The mean (or median) difference is [underlined / bolded] if [only one of / both] the p-value and CLES pass these cutoffs.
The generated table is written to the console, and can be used in a vignette using the results = "asis"
chunk option.
xsummary2
is an updated version that is used in the current vignettes in the package.
It shows negative numbers in bold (p-value and CLES are not shown).
xsummary3
is a further revision that shows GRAVY and pI; it is used in the ‘osmotic_bact’ and ‘osmotic_halo’ vignettes.
For check_IDs
, dat
is returned with possibly changed values in the column designated by IDcol
; old IDs are replaced with new ones, the first known ID for each protein is kept, then proteins with no known IDs are assigned NA
.
For get_comptab
, a data frame is returned invisibly containing the columns ‘dataset’, ‘description’, ‘n1’ (number of down-regulated proteins), ‘n2’ (number of up-regulated proteins), followed two sets of columns for the variables.
These are denoted generically as (‘var.mfun1’, ‘var.mfun2’, ‘var.diff’, ‘var.CLES’, ‘var.p.value’), where ‘var’ is replaced by the name of var1
or var2
, and ‘mfun’ is replaced by the value of mfun
.
For example, ‘Zc.median1’ and ‘Zc.median2’ are the median ZC of the down- and up-regulated proteins, respectively.
For xsummary
, (invisibly) the data frame used to make the table; this data frame differs from comptab
by having row names added (alphabetical one-letter IDs for the datasets).
The overall style of the plot is controlled by oldstyle
.
oldstyle = FALSE
This is the current default style.
Use pch
and cex
to control the point symbol and size.
Contours are added for confidence regions of highest probability density, computed using a 2-D kernel density estimate (kde2d
).
probs
gives the probability level(s) and col.contour
sets the color(s) of the contour lines.
contour
can be a logical vector, indicating which points to include; set it to FALSE to omit the contour lines.

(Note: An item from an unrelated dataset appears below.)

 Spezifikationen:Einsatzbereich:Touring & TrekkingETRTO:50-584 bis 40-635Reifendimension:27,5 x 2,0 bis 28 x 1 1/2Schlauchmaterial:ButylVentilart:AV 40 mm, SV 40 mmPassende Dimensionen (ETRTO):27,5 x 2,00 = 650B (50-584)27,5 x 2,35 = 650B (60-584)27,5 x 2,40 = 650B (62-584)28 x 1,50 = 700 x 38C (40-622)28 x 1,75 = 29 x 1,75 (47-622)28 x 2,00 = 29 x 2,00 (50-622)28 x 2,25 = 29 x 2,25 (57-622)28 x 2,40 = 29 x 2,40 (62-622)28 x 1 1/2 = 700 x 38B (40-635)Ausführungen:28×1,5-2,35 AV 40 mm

The code to calculate the contour levels is modified from HPDregionplot
in the emdbook package by Ben Bolker (https://cran.r-project.org/package=emdbook).
oldstyle = TRUE
This style was used for the historical (2017) vignettes, which have been moved to the ‘extdata/cpcp’ directory in JMDplots (https://github.com/jedick/JMDplots).

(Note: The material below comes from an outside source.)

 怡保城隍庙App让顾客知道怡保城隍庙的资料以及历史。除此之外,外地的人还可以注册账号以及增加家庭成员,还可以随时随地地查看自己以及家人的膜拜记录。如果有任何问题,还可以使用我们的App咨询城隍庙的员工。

For each dataset, the point symbol is a filled square if the p-values of both the x-variable and y-variable are less than 0.05, a filled circle if the p-value of one of the x- or y-variables is less than 0.05, and an open circle otherwise.
A solid line is drawn from the point to the corresponding axis if the rounded, absolute value of (CLES
in percent - 50) of the x- or y-variable is greater than or equal 10.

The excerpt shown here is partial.